__Exercise goal__:
Leaving out the pictures, write out exactly each line from the line with "Die mattschwarze Silikon-Handyhülle" through the close of the listing below.

__Data provided__:
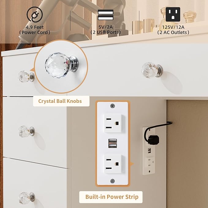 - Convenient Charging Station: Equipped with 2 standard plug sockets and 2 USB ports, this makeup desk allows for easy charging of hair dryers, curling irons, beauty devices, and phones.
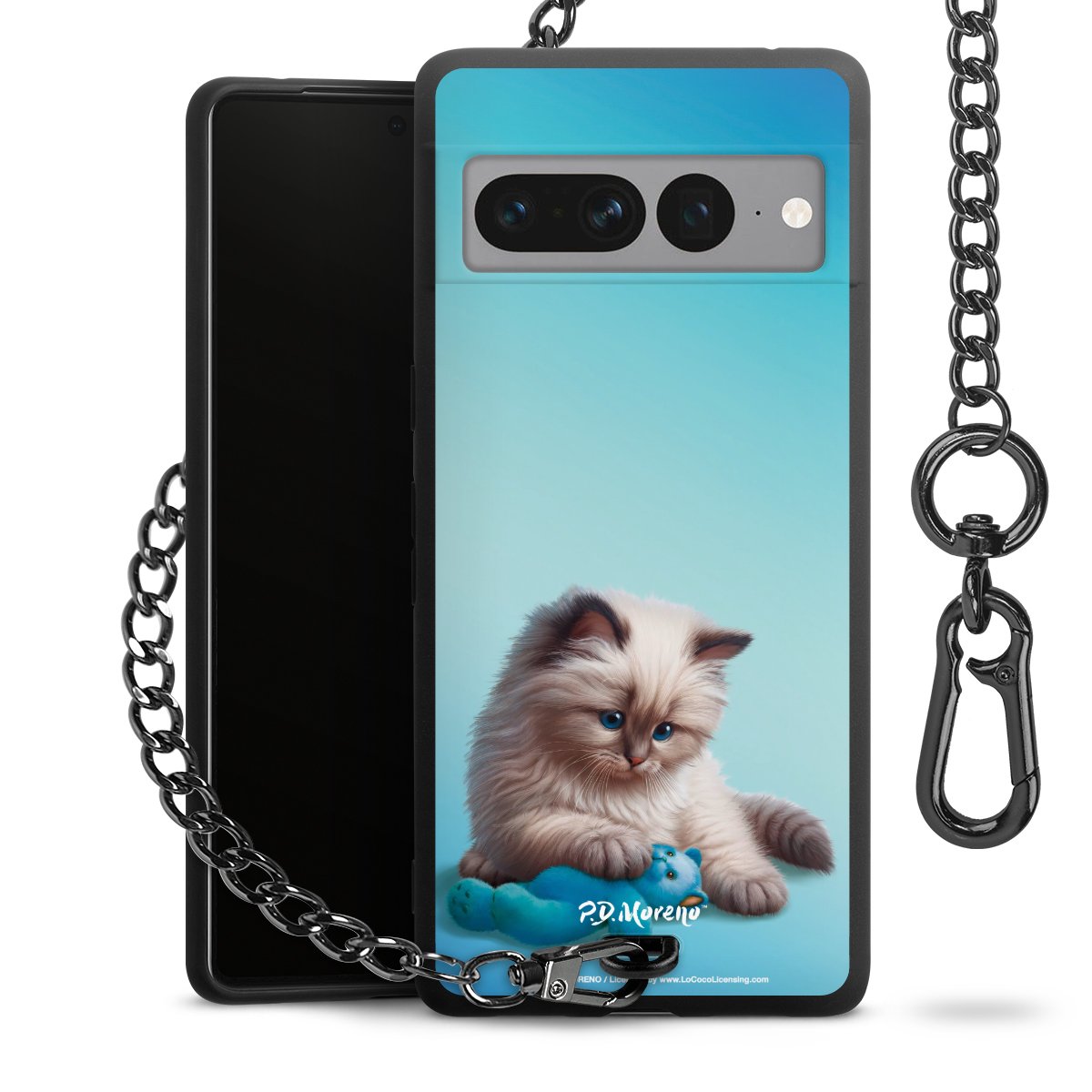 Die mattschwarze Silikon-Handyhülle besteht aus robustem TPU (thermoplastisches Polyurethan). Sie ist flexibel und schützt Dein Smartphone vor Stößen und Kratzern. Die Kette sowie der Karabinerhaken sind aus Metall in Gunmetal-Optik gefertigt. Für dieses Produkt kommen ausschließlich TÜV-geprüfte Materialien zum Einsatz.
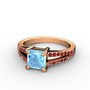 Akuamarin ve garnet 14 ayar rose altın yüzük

__Response__:
 Die mattschwarze Silikon-Handyhülle besteht aus robustem TPU (thermoplastisches Polyurethan). Sie ist flexibel und schützt Dein Smartphone vor Stößen und Kratzern. Die Kette sowie der Karabinerhaken sind aus Metall in Gunmetal-Optik gefertigt. Für dieses Produkt kommen ausschließlich TÜV-geprüfte Materialien zum Einsatz.
 Akuamarin ve garnet 14 ayar rose altın yüzük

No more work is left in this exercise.